Rule-following starts early:
"from very early in life, girls learn to follow the specific social rules for their home and community more strictly than boys. A perfect illustration comes from studies using the “disappointment paradigm”. In these studies, children are asked to help with two tasks. They are told that they will receive a separate gift for helping with each one. Before starting, the children are given 10 toys. Each child then tells the researcher which toys she likes best and which ones she likes least in order. One toy is always broken, and naturally this is liked least by all children. After the children finish the first task, they are given one of their favorite toys. But when they finish the second task, the children are given the broken toy. What happens next? The girls smile much more than the boys. The boys look really unhappy, and sometimes even make snide comments. Importantly, this was not because the girls liked the broken toy. To prove this, in another study, some of the girls were given the broken toy in wrapping paper. They unwrapped it later when they were alone. Videotapes of their expressions show that these girls were not happy: They smiled less and exhibited more negative expressions than girls who unwrapped the broken toy while the experimenter stood there. Girls are simply more polite than boys."
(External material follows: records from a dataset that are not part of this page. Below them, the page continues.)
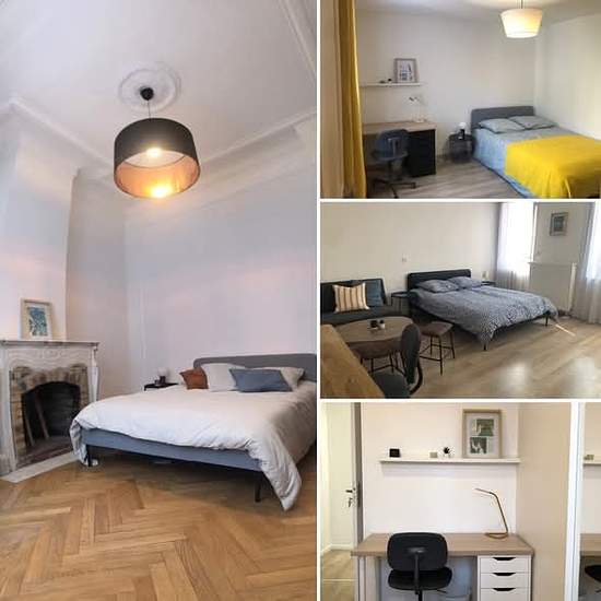 Trois chambres meublées disponibles dans une belle maison de six chambres en colocation en direct avec propriétaire (aucun frais d'agence) · Emplacement idéal pour jeunes actifs ou étudiants située à Roubaix proche parc Barbieux - rue d'Inkermann à 20 mins de Lille Flandres · Proche des écoles CEPROCO, ESMOD (moins de 10 mins à pied) et IUT C, ENSAIT, UFR LEA, EMMD, INFOCOM, EDHEC (moins de 15-20 mins à pied) · Proche transports en commun avec : o métro ligne 2 station Épeule - Montesquieu à 2 mins ; o tramway ligne R station Hôpital...
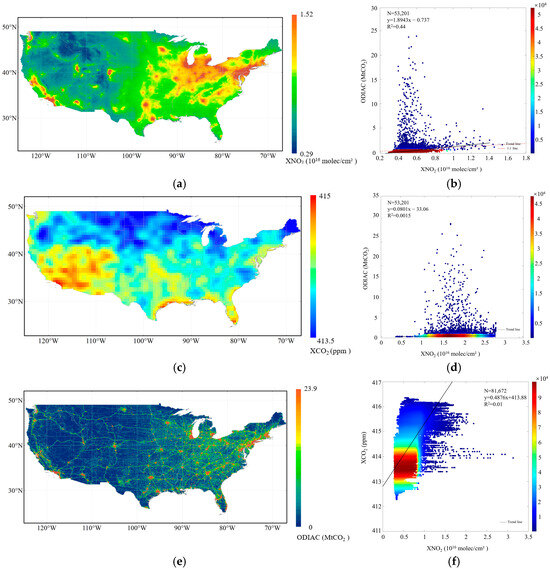 Response of NO2 and XCO2 to anthropogenic CO2 emissions in the United States (a) annual average of NO2 (b) correlation between NO2 and ODIAC in grids (c) annual average of XCO2 (d) correlation between XCO2 and ODIAC in grids (e) annual average of ODIAC, and (f) correlation between NO2 and XCO2 in grids.
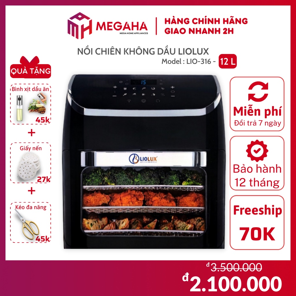 Thiết Bị Điện Gia Dụng > Đồ gia dụng nhà bếp > Nồi chiên không dầu || Nồi chiên không dầu điện tử Liolux LIO-316 dung tích 12 lítCòn hàng
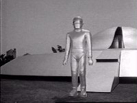 Everyone is so (paranoid) "jittery," says Helen. When Mom tells Bobby to see less of Mr. C. and goes out with her steady date Tom, an insurance salesman and big bastard to her and Mr. Carpenter, Klaatu borrows a flashlight from Bobby, who then tails Mr. Carpenter to the spaceship, where he activates the robot, Gort, who conks the two guards while Klaatu enters the saucer where hand-swoop-activated devices control everything.
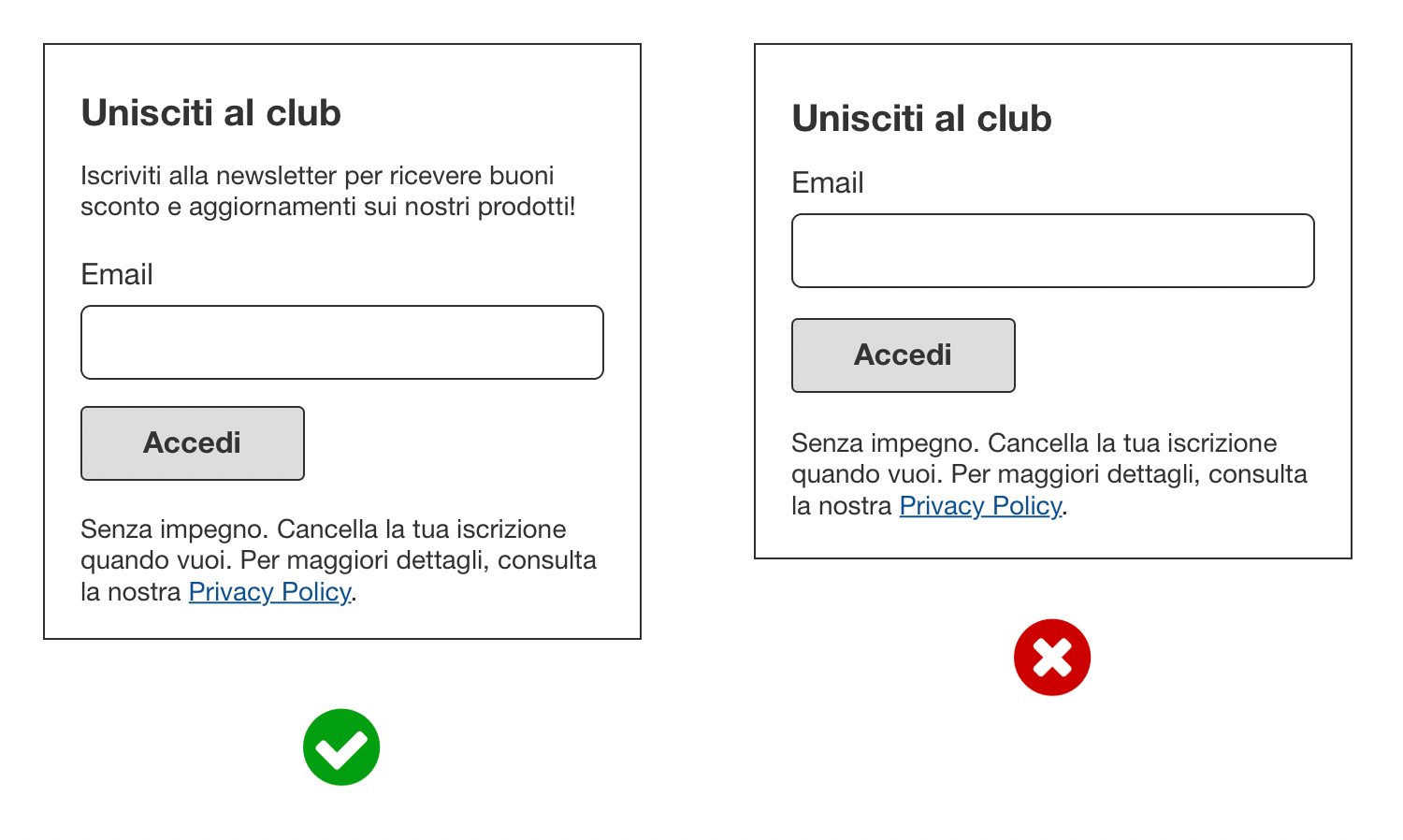 L’utente medio dovrebbe essere facilmente in grado di capire a cosa sta acconsentendo (ad esempio che tipo di email riceverà, se riguarderanno prodotti e servizi propri o di terzi etc.). -
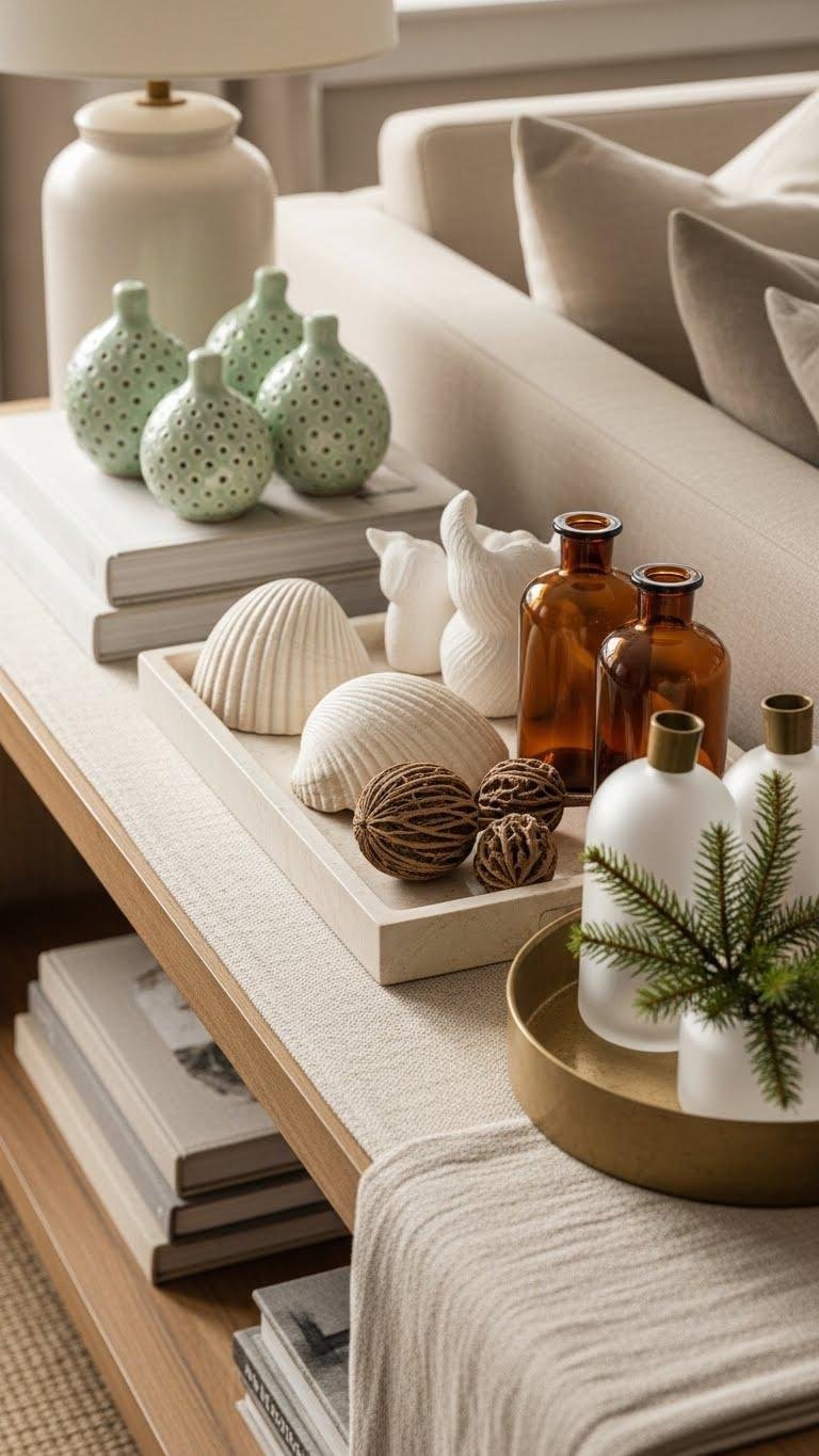 Layer a decorative tray on a console or coffee table to corral seasonal finds—think banyan-branch ceramics in spring, sculptural shells in summer, amber glass and seed pods in fall, and frosted brass with small evergreens in winter—so you can swap a whole vignette in seconds without disrupting the room’s flow.

"Politeness involves words too. To be polite when engaged in conversation, you need to follow several rules. First, you must listen carefully to what the other person is saying and wait until they are finished before speaking yourself. Second, you have to affirm and be positive about what the other person is saying. Third, if necessary, you must present possibly contradictory ideas in a soft way. For example, if you think that you have a better idea, you might say, “Maybe this is right.” Or if you want the other person to do something they don’t want to do, you might say, “Shouldn’t we do this?” Fourth, it is helpful to include lots of expressions such as “thank you” and “sorry” to show how much you value the other person’s efforts. Fifth, competitive language must be avoided. It is not polite to issue orders, make threats, boast about how good you are, or criticize the other person."
"I believe that part of what motivates girls and women to be more polite is that politeness helps avert conflict. Whether a conflict already has begun to brew, or a stranger with unknown intentions appears, politeness reduces the chances of danger. It decreases the probability that a woman will find herself at odds with someone who is right in front of her and could potentially do her harm."
"What seems more probable is that women are more sensitive than men to any type of offensive behavior—their own or another’s. Why? I believe any sign of offensive behavior signals potential danger. A woman doesn’t want to instigate a fight, and she surely doesn’t want to be the victim."
The next chapter, chapter 6, addresses female intrasexual competition:
"Femininity aside, a woman has to compete. Because women have been victims and subordinate to men for so long, women’s strategies simply have been overlooked. Men, who typically hold more power, pay less attention to those who are subordinate. Meanwhile, women, who are generally subordinate members of society, keep a low profile so they won’t be hurt by those in power. A woman’s primary competitors are unrelated women, because these are the people who share the same goals. Women must compete against other women."